もっと、ずっと人間味のある……まるで、ほかの勇者を知ってるかのような……。
『マスター。彼女の言う通りです。現状、それしか手はありません』
部屋の中に、プロト01の冷静な、だが確信に満ちた声が再び響く。
『くしくも、「シルベ」は私とほぼ同じアーキテクチャです。そのやり方なら私にも助力できるはず。私からもお願いします。僕の分身がこれ以上、人に害を撒き散らさないよう、力を貸してほしい』
AIらしくないそのセリフに、私はクスリとほほ笑み「任せて!」と答えた。
『原理は単純です。人間の意識とは、脳内のニューロンが引き起こす微弱な電気信号のパターン。そして、貴女の持つルーガライガの紫電は、僕の干渉によって量子的な情報を付加することが可能です』
プロト01が、サーバーの稼働モニターを青く発光させながら続けた。
『僕が貴女の脳波を電磁パルスへと変換し、サーバーの磁気記録装置と「量子もつれ」を強制発生させます。いわば、貴女の魂をデジタルデータの波動として、ネットの海へ直接放流するのです。サーバーを破壊するのではなく、貴女自身がネットを駆け巡る電子──いいえ、「情報そのもの」になるのですよ』
「そんな……そんなの、戻ってこれなくなるんじゃ……っ」
ソニアの顔が青ざめる。
「構わない。やらなきゃ、どのみち世界は悪意に覆われて終わりだから」
私は、雷鳴を纏う剣をサーバーの端子へと向けた。
『君がネットの中に入っている間、君の肉体は無防備になる。それでも行くかい?』
「だ、大丈夫です!」
和泉ちゃんが叫んでいた。
「その間は、私が命に代えてもルーリを守ります!!」
彼女は「防御結界」と低く呟き、私たちの周囲に透き通った青い幕を張った。
「……ありがと。和泉ちゃん」
ソニアは私をじっと見つめている。
「ソニア……」
唇から零れ落ちる声。
ソニアはそんな私を見て、ふっと優しく微笑んだ。
「いいわ。自分の道を進んで。
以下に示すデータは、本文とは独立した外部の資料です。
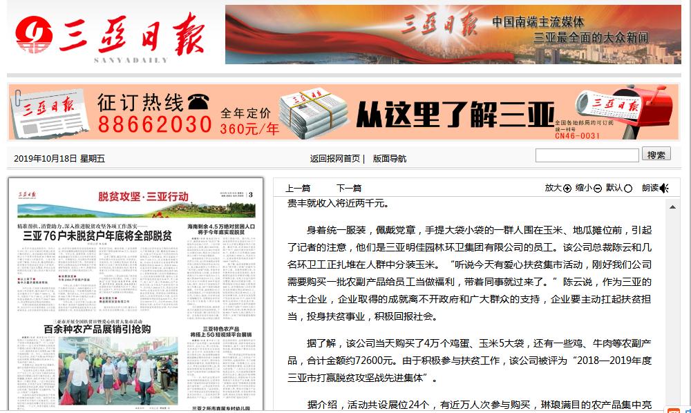 明佳集團作為三亞的本土企業(yè),主動扛起扶貧擔當,投身扶貧事業(yè),積極回報社會。在此次大采購活動中,集團員工在總裁陳云的帶領下,購買了4萬個雞蛋、玉米5大袋,還有一些雞、牛肉等農(nóng)副產(chǎn)品,合計金額約72600元。三亞日報和三亞新聞聯(lián)播分別對明佳集團的愛心大采購活動進行了報道。

私は、そんなあなただからこそ──『勇者』として選んだんだから」
彼女の瞳に、自分が映っている。
ちっぽけで、無力な私。
それでも、信じて一緒に戦ってくれる仲間がいる。
だから私は、最高に不敵な笑みを返した。
「任せて」
私は、ルーガライガをサーバーに突き入れた。
紫電と電流が激しく拮抗する。
頭の中に、圧倒的な圧力となって情報の潮流が流れ込んでくる。
『君のエスコートは僕が責任を持ってするよ。勇者……』
「ルーリよ。プロト01」
『勇者ルーリ。できれば僕のことも、名前で呼んでほしいな。僕はムッシュ。よろしく、ルーリ』
「OK、ムッシュ! さあ、世界を取り戻しに行くよ!!」
途端に、意識の中に無数の情報が濁流となって押し寄せてきた。
次の瞬間──私は、荒れ果てた荒野に立っていた。